Analyze time series data by identifying linear and nonlinear models such as AR, ARMA, state-space, and grey-box models, performing spectral analysis, and forecasting model outputs

A time series is data that contains one or more measured output channels but no measured input. A time series model, also called a signal model, is a dynamic system that is identified to fit a given signal or time series data. The time series can be multivariate, which leads to multivariate models. You can identify time series models in the System Identification app or at the command line. System Identification Toolbox™ enables you to create and estimate four general types of time series model.

  • Linear parametric models — Estimate parameters in structures such as autoregressive models and state-space models.

  • Frequency-response models — Estimate spectral models using spectral analysis.

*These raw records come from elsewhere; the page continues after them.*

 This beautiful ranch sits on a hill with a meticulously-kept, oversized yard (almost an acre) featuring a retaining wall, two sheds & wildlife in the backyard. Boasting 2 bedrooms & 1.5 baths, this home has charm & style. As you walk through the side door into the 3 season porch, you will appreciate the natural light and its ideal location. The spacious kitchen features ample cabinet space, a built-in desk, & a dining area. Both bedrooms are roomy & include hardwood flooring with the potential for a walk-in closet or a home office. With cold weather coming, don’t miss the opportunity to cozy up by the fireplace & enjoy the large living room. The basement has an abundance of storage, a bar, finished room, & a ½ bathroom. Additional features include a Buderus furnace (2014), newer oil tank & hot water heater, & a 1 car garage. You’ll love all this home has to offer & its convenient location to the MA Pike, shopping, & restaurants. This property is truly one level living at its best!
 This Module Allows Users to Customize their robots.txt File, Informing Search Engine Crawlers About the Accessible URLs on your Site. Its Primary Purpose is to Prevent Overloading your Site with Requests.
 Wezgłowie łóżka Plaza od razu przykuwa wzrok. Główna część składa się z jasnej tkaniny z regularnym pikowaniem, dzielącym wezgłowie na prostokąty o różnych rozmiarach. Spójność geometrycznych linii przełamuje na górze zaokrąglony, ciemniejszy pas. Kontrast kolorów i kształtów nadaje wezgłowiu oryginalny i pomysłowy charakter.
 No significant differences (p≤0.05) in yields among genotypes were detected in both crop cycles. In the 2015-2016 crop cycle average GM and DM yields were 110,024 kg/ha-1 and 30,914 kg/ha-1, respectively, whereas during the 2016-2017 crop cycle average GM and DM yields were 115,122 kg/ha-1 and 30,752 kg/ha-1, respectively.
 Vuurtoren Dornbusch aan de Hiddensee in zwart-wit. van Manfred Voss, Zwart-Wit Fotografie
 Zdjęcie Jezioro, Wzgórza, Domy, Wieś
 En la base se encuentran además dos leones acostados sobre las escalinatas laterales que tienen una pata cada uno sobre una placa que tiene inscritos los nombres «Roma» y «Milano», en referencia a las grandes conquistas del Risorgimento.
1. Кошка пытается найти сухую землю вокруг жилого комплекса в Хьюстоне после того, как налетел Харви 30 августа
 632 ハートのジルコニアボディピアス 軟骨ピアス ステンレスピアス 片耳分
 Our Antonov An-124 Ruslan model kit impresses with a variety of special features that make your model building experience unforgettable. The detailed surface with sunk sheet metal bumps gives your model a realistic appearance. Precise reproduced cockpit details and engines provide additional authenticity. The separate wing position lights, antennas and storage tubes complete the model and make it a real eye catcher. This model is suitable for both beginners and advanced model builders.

  • Nonlinear ARX models — Estimate parameters in the nonlinear ARX structure.

  • Grey-box models — Estimate the coefficients of the ordinary differential or difference equations that represent your system dynamics.

Parametric time series model identification requires uniformly sampled time-domain data, except for the ARX model, which can handle frequency-domain signals. Spectral analysis algorithms support time-domain and frequency-domain data. Your data can have one or more output channels and must have no input channel. For more information on time series models, see What Are Time Series Models?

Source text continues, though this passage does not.